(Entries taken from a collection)

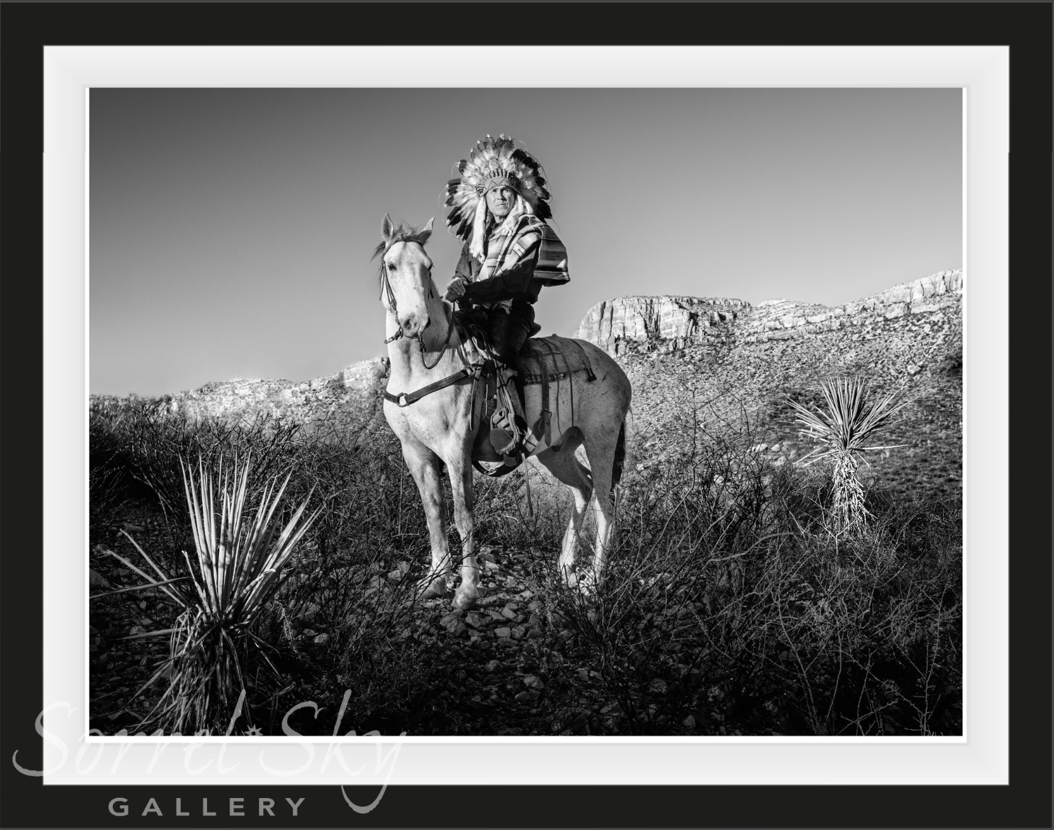 In my search for the setting for this portrait, I looked for features that would readily locate the elder and his horse. There needed to be a sense of place to lend weight to the narrative. We found this escarpment rising above cactus rich scrubland only about 40 miles north of the Rio Grande in West Texas.
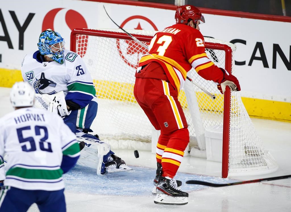Calgary’s top line produced and Flames goaltender David Rittich got to work on proving he’s a bona fide NHL starter in Saturday’s 3-0 win over the Vancouver Canucks.
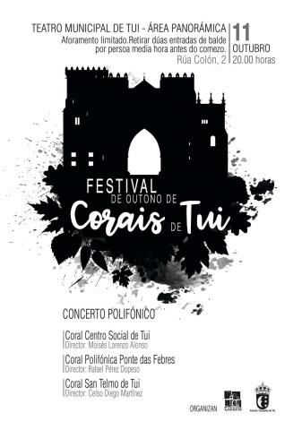O Teatro Municipal de Tui acollerá o mércores, 11 de outubro, ás 20h o Festival de Outono de Corais de Tui no que participarán as tres agrupacións corais do municipio. Serán a coral do Centro Sociocomunitario de Tui dirixida por Moisés Lorenzo Alonso, a Coral Polifónica Ponte das Febres de Ribadelouro baixo a dirección de Rafael Pérez Dopeso, e a Coral San Telmo dirixida por Celso Diéguez Martínez.
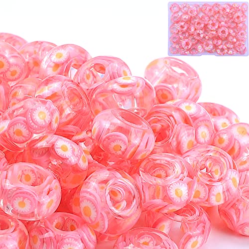 AIPRIDY Girls' Lucky Beads Lover Amber Beads, Big Hole Spacer Beads European Craft Beads for DIY Charms Bracelet Jewelry Making (Rose red)
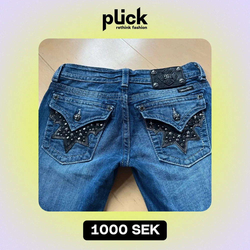 Snygga blå jeans från Miss Me med unika stjärndetaljer och nitar på bakfickorna. De har en låg midja är flare ❣️ Bilderna är lånade från förra ägaren så hör av dig vid frågor eller egna bilder!!❣️innerbenslängd: 88 midjemått: 82,5 (w27)
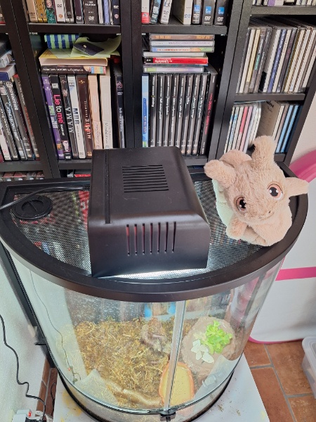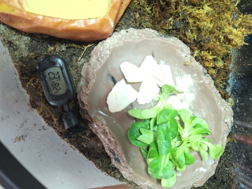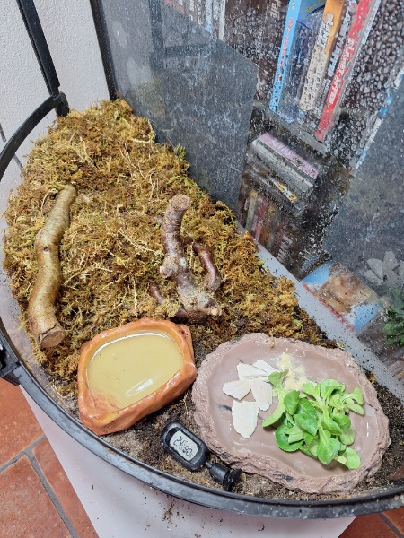 Wir haben die Tiere dann gesucht, weil wir sichergehen wollten, dass sie nicht tot sind. Sie fraßen dann (Vogerlsalat) und haben sich wieder verkrochen. Wir waren dann erneut in der Zoohandlung und haben eine weitere Heizmatte gekauft, da die Temperatur nicht über 22° kam. Jetzt haben wir eine weitere Heizmatte gekauft mit 16W (haben jetzt insgesamt 24W) und eine stabile Wärme zwischen 24 und 27 Grad. Die Luftfeuchtigkeit ist zwischen 70% - 90%).
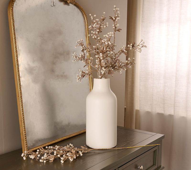 This elegant spray includes branches with glittered leaves and pearls. The spray measures 30 long. The spray is glittered and is available in your choice of color; gold or silver. The set includes 4 identical sprays. For indoor decorative use only. Imported. From The Valerie Parr Hill Collection.
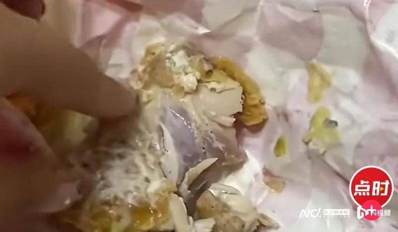 这次“中招”的是来自四川德阳的熊先生,从其拍摄的视频可以看到,汉堡的中间肉排部分存在部分未熟的生肉。
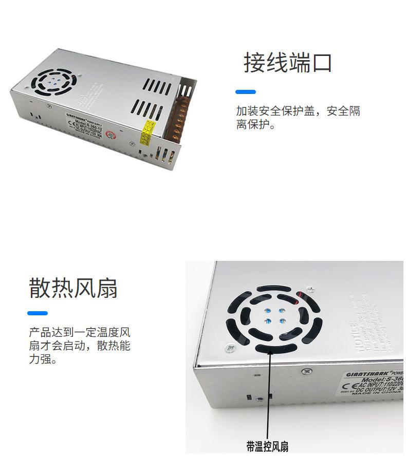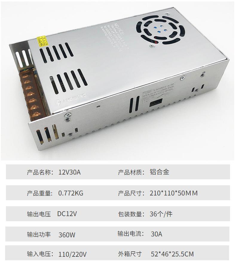 Monitoreo Fuente de Alimentación LED Tira de Luz Fuente de Alimentación Monitoreo Fuente de Alimentación 12v30a Fuente de Alimentación Conmutada 220V a 12V Fuente de Alimentación 30a Completa con Control de Temperatura Ventilador de Refrigeración 360W
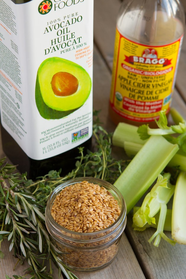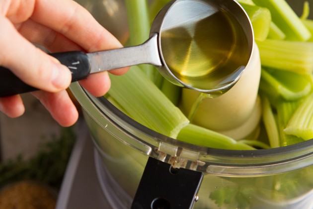 2. Place celery, oil, vinegar, herbs and salt in the bowl of your food processor. Pulse until celery is completely pureed.
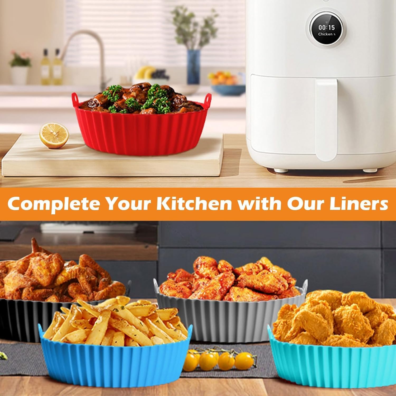 Package Content – Air Fryer Liners I Material: Silicone I Color: Multicolor I Shape: Round I Size: top diameter: 8 inches, bottom diameter: 6.5 inches; height: 2.4 inches and Top 6.5 inches / Bottom 5.5 inches/ Height 1.8 inches.I Raised lines on the base allows proper and even circulation of heat. Safe to be used in oven, microwave, freezer and dishwasher I 3D drainage groove, which facilities the oil to flow to the edge groove and the food tastes more delicious.
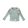 2024 весенняя футболка с длинными рукавами для девочек, детская трикотажная нижняя рубашка в рубчик, кружевная облегающая футболка с круглым вырезом для детей
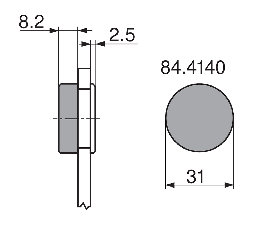 Cache de charniere pour porte en verre. Forme : O. Diametre : 31 mm. Hauteur : 8,2 mm.
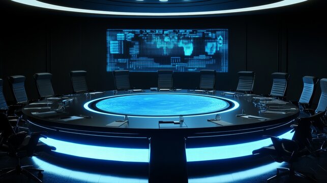 Futuristic conference table with digital projection and modern chairs in high tech meeting room for corporate discussions
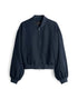 lockere Passform, O-Form, verkürzte Länge, überschnittene Schulter mit Langarm, Blousonkragen, Rückenlänge ca. 54 cm bei Größe 36, Model Größe 178 cm – trägt Größe 36, Webware, glattes Innenfutter, natürlicher Griff, fließender Fall, schräge Paspeltaschen, schmale Rippbündchen, Zwei-Wege-Reißverschluss, Passe im Rücken
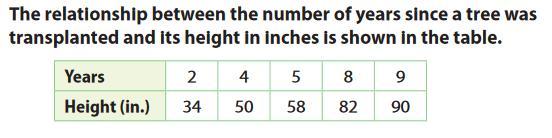 - <u><em>The height of the tree is 18 inches plus 8 inches for each year since the tree was transplanted.</em></u>

* **Task item**
Return every record above exactly as written, but drop the pictures.

* **Result below**
 In my search for the setting for this portrait, I looked for features that would readily locate the elder and his horse. There needed to be a sense of place to lend weight to the narrative. We found this escarpment rising above cactus rich scrubland only about 40 miles north of the Rio Grande in West Texas.
Calgary’s top line produced and Flames goaltender David Rittich got to work on proving he’s a bona fide NHL starter in Saturday’s 3-0 win over the Vancouver Canucks.
O Teatro Municipal de Tui acollerá o mércores, 11 de outubro, ás 20h o Festival de Outono de Corais de Tui no que participarán as tres agrupacións corais do municipio. Serán a coral do Centro Sociocomunitario de Tui dirixida por Moisés Lorenzo Alonso, a Coral Polifónica Ponte das Febres de Ribadelouro baixo a dirección de Rafael Pérez Dopeso, e a Coral San Telmo dirixida por Celso Diéguez Martínez.
 AIPRIDY Girls' Lucky Beads Lover Amber Beads, Big Hole Spacer Beads European Craft Beads for DIY Charms Bracelet Jewelry Making (Rose red)
 Snygga blå jeans från Miss Me med unika stjärndetaljer och nitar på bakfickorna. De har en låg midja är flare ❣️ Bilderna är lånade från förra ägaren så hör av dig vid frågor eller egna bilder!!❣️innerbenslängd: 88 midjemått: 82,5 (w27)
 Wir haben die Tiere dann gesucht, weil wir sichergehen wollten, dass sie nicht tot sind. Sie fraßen dann (Vogerlsalat) und haben sich wieder verkrochen. Wir waren dann erneut in der Zoohandlung und haben eine weitere Heizmatte gekauft, da die Temperatur nicht über 22° kam. Jetzt haben wir eine weitere Heizmatte gekauft mit 16W (haben jetzt insgesamt 24W) und eine stabile Wärme zwischen 24 und 27 Grad. Die Luftfeuchtigkeit ist zwischen 70% - 90%).
 This elegant spray includes branches with glittered leaves and pearls. The spray measures 30 long. The spray is glittered and is available in your choice of color; gold or silver. The set includes 4 identical sprays. For indoor decorative use only. Imported. From The Valerie Parr Hill Collection.
 这次“中招”的是来自四川德阳的熊先生,从其拍摄的视频可以看到,汉堡的中间肉排部分存在部分未熟的生肉。
 Monitoreo Fuente de Alimentación LED Tira de Luz Fuente de Alimentación Monitoreo Fuente de Alimentación 12v30a Fuente de Alimentación Conmutada 220V a 12V Fuente de Alimentación 30a Completa con Control de Temperatura Ventilador de Refrigeración 360W
 2. Place celery, oil, vinegar, herbs and salt in the bowl of your food processor. Pulse until celery is completely pureed.
 Package Content – Air Fryer Liners I Material: Silicone I Color: Multicolor I Shape: Round I Size: top diameter: 8 inches, bottom diameter: 6.5 inches; height: 2.4 inches and Top 6.5 inches / Bottom 5.5 inches/ Height 1.8 inches.I Raised lines on the base allows proper and even circulation of heat. Safe to be used in oven, microwave, freezer and dishwasher I 3D drainage groove, which facilities the oil to flow to the edge groove and the food tastes more delicious.
 2024 весенняя футболка с длинными рукавами для девочек, детская трикотажная нижняя рубашка в рубчик, кружевная облегающая футболка с круглым вырезом для детей
 Cache de charniere pour porte en verre. Forme : O. Diametre : 31 mm. Hauteur : 8,2 mm.
 Futuristic conference table with digital projection and modern chairs in high tech meeting room for corporate discussions
 lockere Passform, O-Form, verkürzte Länge, überschnittene Schulter mit Langarm, Blousonkragen, Rückenlänge ca. 54 cm bei Größe 36, Model Größe 178 cm – trägt Größe 36, Webware, glattes Innenfutter, natürlicher Griff, fließender Fall, schräge Paspeltaschen, schmale Rippbündchen, Zwei-Wege-Reißverschluss, Passe im Rücken
 - <u><em>The height of the tree is 18 inches plus 8 inches for each year since the tree was transplanted.</em></u>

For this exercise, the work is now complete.